DATA TO EXAMINE -
==================================================

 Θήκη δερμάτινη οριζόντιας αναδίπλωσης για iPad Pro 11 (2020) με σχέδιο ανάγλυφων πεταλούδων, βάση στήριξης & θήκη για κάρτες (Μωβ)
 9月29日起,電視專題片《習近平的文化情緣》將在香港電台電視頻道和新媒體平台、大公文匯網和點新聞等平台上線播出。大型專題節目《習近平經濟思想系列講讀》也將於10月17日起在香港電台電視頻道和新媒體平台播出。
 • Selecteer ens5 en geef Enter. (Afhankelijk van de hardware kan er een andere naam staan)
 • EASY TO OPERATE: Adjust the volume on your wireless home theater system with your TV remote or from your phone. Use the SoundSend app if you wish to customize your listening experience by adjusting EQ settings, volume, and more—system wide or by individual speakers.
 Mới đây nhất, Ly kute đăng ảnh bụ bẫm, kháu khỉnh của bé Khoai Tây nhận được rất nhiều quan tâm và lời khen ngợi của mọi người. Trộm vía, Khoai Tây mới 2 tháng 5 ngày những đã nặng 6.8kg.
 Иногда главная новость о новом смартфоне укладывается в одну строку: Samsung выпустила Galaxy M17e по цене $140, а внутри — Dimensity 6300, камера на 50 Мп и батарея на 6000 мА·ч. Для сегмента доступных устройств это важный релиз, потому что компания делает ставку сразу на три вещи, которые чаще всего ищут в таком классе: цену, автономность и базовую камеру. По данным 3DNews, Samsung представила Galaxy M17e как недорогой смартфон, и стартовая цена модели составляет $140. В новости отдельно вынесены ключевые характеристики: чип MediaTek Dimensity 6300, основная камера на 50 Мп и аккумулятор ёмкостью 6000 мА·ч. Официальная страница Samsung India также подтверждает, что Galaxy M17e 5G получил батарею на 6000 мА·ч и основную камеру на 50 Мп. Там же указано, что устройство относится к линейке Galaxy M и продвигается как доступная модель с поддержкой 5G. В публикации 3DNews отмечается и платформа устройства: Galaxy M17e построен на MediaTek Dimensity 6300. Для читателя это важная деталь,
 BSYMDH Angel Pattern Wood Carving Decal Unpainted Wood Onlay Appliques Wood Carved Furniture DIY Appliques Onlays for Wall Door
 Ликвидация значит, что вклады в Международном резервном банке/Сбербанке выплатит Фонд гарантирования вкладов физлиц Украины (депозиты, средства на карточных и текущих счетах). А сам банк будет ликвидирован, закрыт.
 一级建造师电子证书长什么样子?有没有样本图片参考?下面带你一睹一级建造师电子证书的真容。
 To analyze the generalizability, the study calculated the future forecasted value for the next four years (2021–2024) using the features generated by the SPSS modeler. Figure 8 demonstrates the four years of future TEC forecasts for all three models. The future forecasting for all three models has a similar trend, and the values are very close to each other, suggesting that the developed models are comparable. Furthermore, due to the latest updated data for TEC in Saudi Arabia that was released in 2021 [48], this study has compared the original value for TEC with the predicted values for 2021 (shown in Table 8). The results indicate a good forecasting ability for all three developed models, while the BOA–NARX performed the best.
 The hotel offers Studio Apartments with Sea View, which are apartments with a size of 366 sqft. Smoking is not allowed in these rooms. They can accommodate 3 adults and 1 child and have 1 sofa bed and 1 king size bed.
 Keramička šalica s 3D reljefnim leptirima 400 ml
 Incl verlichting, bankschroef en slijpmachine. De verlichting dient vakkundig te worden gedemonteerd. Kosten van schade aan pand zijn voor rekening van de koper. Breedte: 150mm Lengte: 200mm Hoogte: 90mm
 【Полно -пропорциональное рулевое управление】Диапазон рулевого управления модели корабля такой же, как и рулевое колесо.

==================================================

WORK INSTRUCTIONS - Please make an exact copy of every record, leaving nothing out.

SOLUTION FOR THIS PROBLEM -
 Θήκη δερμάτινη οριζόντιας αναδίπλωσης για iPad Pro 11 (2020) με σχέδιο ανάγλυφων πεταλούδων, βάση στήριξης & θήκη για κάρτες (Μωβ)
 9月29日起,電視專題片《習近平的文化情緣》將在香港電台電視頻道和新媒體平台、大公文匯網和點新聞等平台上線播出。大型專題節目《習近平經濟思想系列講讀》也將於10月17日起在香港電台電視頻道和新媒體平台播出。
 • Selecteer ens5 en geef Enter. (Afhankelijk van de hardware kan er een andere naam staan)
 • EASY TO OPERATE: Adjust the volume on your wireless home theater system with your TV remote or from your phone. Use the SoundSend app if you wish to customize your listening experience by adjusting EQ settings, volume, and more—system wide or by individual speakers.
 Mới đây nhất, Ly kute đăng ảnh bụ bẫm, kháu khỉnh của bé Khoai Tây nhận được rất nhiều quan tâm và lời khen ngợi của mọi người. Trộm vía, Khoai Tây mới 2 tháng 5 ngày những đã nặng 6.8kg.
 Иногда главная новость о новом смартфоне укладывается в одну строку: Samsung выпустила Galaxy M17e по цене $140, а внутри — Dimensity 6300, камера на 50 Мп и батарея на 6000 мА·ч. Для сегмента доступных устройств это важный релиз, потому что компания делает ставку сразу на три вещи, которые чаще всего ищут в таком классе: цену, автономность и базовую камеру. По данным 3DNews, Samsung представила Galaxy M17e как недорогой смартфон, и стартовая цена модели составляет $140. В новости отдельно вынесены ключевые характеристики: чип MediaTek Dimensity 6300, основная камера на 50 Мп и аккумулятор ёмкостью 6000 мА·ч. Официальная страница Samsung India также подтверждает, что Galaxy M17e 5G получил батарею на 6000 мА·ч и основную камеру на 50 Мп. Там же указано, что устройство относится к линейке Galaxy M и продвигается как доступная модель с поддержкой 5G. В публикации 3DNews отмечается и платформа устройства: Galaxy M17e построен на MediaTek Dimensity 6300. Для читателя это важная деталь,
 BSYMDH Angel Pattern Wood Carving Decal Unpainted Wood Onlay Appliques Wood Carved Furniture DIY Appliques Onlays for Wall Door
 Ликвидация значит, что вклады в Международном резервном банке/Сбербанке выплатит Фонд гарантирования вкладов физлиц Украины (депозиты, средства на карточных и текущих счетах). А сам банк будет ликвидирован, закрыт.
 一级建造师电子证书长什么样子?有没有样本图片参考?下面带你一睹一级建造师电子证书的真容。
 To analyze the generalizability, the study calculated the future forecasted value for the next four years (2021–2024) using the features generated by the SPSS modeler. Figure 8 demonstrates the four years of future TEC forecasts for all three models. The future forecasting for all three models has a similar trend, and the values are very close to each other, suggesting that the developed models are comparable. Furthermore, due to the latest updated data for TEC in Saudi Arabia that was released in 2021 [48], this study has compared the original value for TEC with the predicted values for 2021 (shown in Table 8). The results indicate a good forecasting ability for all three developed models, while the BOA–NARX performed the best.
 The hotel offers Studio Apartments with Sea View, which are apartments with a size of 366 sqft. Smoking is not allowed in these rooms. They can accommodate 3 adults and 1 child and have 1 sofa bed and 1 king size bed.
 Keramička šalica s 3D reljefnim leptirima 400 ml
 Incl verlichting, bankschroef en slijpmachine. De verlichting dient vakkundig te worden gedemonteerd. Kosten van schade aan pand zijn voor rekening van de koper. Breedte: 150mm Lengte: 200mm Hoogte: 90mm
 【Полно -пропорциональное рулевое управление】Диапазон рулевого управления модели корабля такой же, как и рулевое колесо.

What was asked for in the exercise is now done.